What the task asks: From the line with "Dark purple Amethyst" to the line with "SHAY's necklace puts", output every line below exactly, both ends included. Skip the pictures.

[[ Data records open ]]

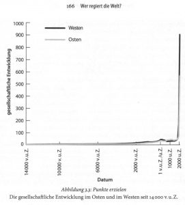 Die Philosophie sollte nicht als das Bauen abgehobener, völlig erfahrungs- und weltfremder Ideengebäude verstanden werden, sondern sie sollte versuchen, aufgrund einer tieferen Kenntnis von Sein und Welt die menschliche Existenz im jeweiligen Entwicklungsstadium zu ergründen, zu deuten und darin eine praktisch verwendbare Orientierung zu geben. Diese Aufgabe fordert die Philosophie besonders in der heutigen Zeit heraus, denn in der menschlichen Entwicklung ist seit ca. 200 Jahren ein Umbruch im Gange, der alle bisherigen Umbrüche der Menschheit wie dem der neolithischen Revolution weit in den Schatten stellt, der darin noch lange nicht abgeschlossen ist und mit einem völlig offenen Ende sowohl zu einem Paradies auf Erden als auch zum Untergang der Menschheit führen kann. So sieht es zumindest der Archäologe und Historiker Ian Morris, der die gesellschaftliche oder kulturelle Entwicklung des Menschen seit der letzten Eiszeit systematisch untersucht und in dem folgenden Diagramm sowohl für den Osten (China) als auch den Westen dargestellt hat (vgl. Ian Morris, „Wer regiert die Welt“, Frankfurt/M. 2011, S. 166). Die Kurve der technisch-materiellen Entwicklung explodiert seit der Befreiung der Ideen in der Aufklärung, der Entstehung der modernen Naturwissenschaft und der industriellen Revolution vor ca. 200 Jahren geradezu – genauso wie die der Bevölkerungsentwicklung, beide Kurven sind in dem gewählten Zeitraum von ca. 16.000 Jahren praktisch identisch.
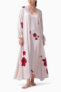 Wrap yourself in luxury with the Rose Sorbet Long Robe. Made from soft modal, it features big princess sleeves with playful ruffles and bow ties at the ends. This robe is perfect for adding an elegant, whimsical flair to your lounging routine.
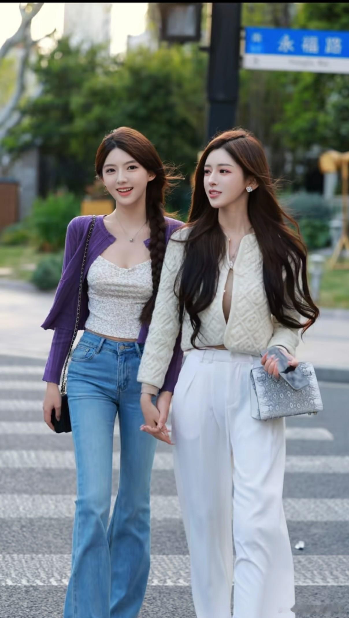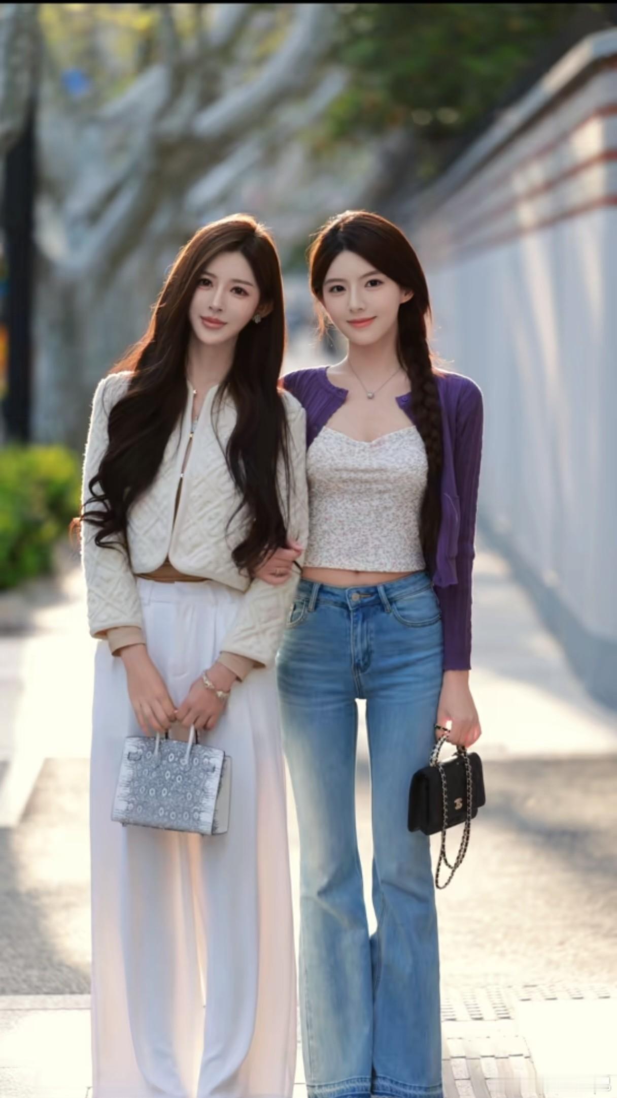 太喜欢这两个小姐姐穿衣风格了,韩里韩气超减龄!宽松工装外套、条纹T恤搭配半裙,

[[ Data records closed ]]
[[ Data records open ]]

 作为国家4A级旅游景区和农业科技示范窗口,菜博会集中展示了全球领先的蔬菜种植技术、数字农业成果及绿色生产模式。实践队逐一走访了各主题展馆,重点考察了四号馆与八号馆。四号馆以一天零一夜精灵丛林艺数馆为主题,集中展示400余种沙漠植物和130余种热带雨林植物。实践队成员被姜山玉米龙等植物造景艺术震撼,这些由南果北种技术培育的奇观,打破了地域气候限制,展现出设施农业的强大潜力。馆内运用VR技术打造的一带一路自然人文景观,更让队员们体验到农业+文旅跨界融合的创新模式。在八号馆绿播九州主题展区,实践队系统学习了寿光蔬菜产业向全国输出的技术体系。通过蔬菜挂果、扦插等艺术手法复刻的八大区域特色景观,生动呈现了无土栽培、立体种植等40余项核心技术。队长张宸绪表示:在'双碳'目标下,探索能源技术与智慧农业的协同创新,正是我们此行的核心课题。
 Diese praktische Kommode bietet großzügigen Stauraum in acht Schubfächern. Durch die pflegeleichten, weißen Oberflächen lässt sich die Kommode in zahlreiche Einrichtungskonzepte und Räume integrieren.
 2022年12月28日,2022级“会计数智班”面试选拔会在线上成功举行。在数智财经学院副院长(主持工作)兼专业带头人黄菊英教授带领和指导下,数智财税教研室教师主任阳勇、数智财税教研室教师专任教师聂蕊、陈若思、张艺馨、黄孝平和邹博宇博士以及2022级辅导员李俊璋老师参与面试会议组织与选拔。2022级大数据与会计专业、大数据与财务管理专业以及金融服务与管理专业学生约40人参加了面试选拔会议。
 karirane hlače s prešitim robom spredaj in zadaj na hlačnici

[[ Data records closed ]]
[[ Data records open ]]

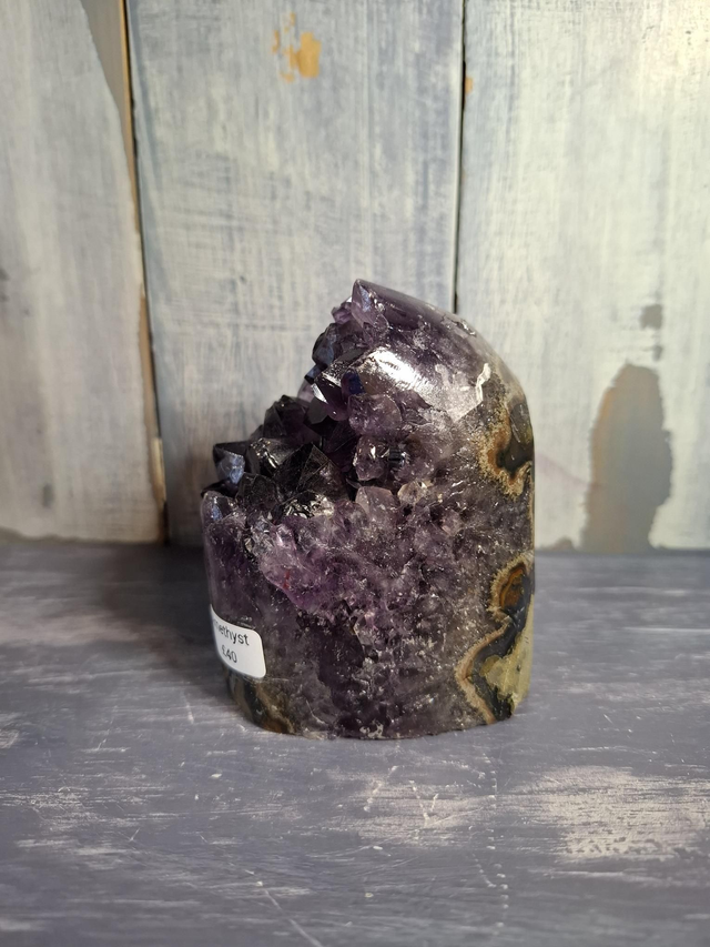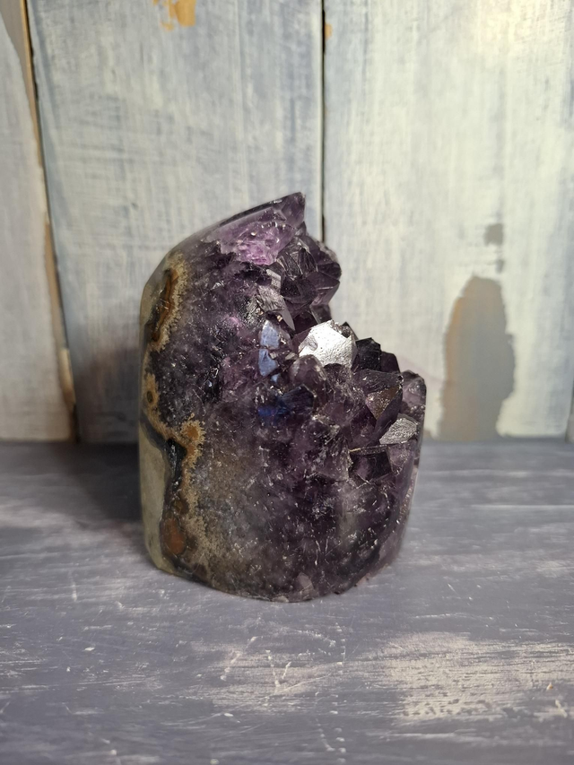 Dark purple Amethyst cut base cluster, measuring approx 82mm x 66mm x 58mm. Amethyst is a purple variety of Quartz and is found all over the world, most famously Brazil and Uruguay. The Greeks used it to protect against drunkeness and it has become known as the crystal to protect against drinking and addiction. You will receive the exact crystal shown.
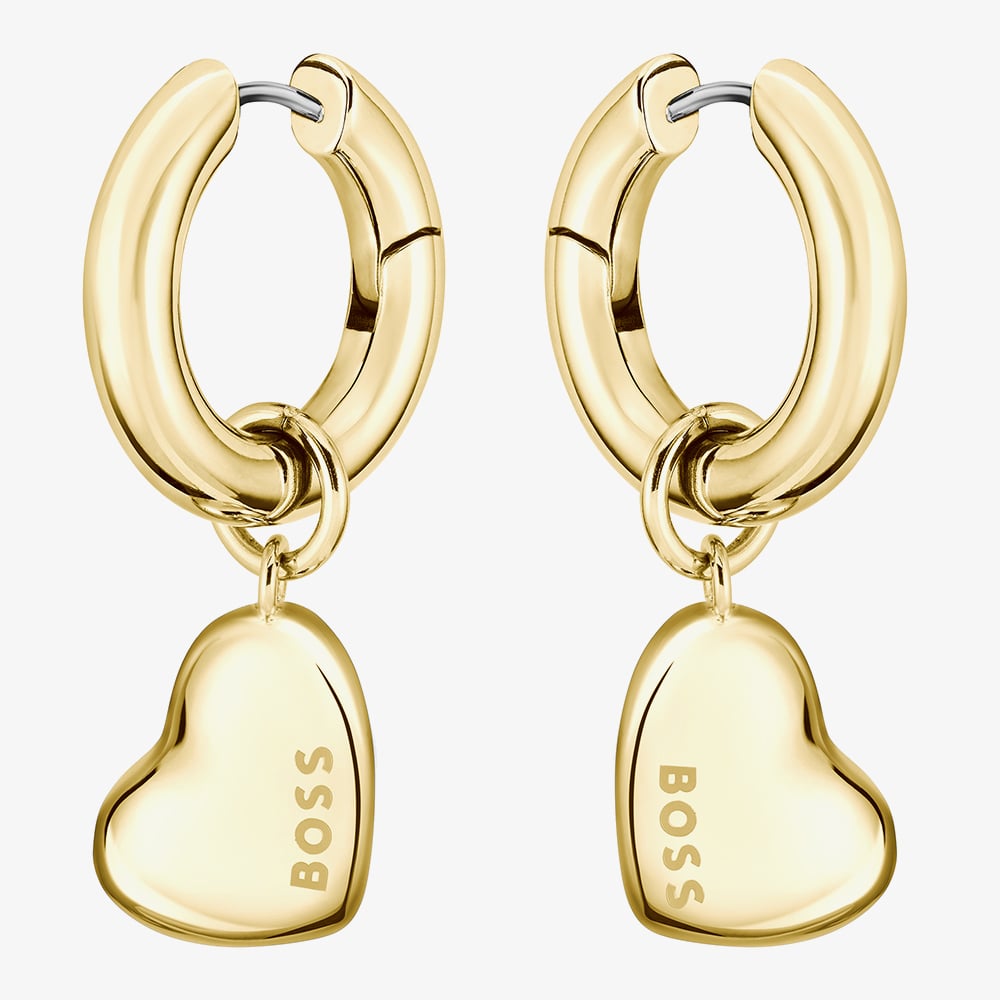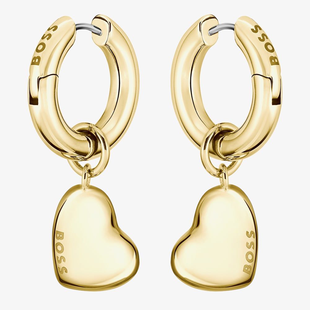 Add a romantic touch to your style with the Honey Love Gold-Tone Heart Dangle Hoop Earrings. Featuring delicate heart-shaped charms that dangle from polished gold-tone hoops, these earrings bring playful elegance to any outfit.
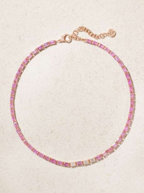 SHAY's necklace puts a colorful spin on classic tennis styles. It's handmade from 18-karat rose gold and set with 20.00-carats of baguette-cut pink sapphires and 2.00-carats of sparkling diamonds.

[[ Data records closed ]]

Your solution:
 Dark purple Amethyst cut base cluster, measuring approx 82mm x 66mm x 58mm. Amethyst is a purple variety of Quartz and is found all over the world, most famously Brazil and Uruguay. The Greeks used it to protect against drunkeness and it has become known as the crystal to protect against drinking and addiction. You will receive the exact crystal shown.
 Add a romantic touch to your style with the Honey Love Gold-Tone Heart Dangle Hoop Earrings. Featuring delicate heart-shaped charms that dangle from polished gold-tone hoops, these earrings bring playful elegance to any outfit.
 SHAY's necklace puts a colorful spin on classic tennis styles. It's handmade from 18-karat rose gold and set with 20.00-carats of baguette-cut pink sapphires and 2.00-carats of sparkling diamonds.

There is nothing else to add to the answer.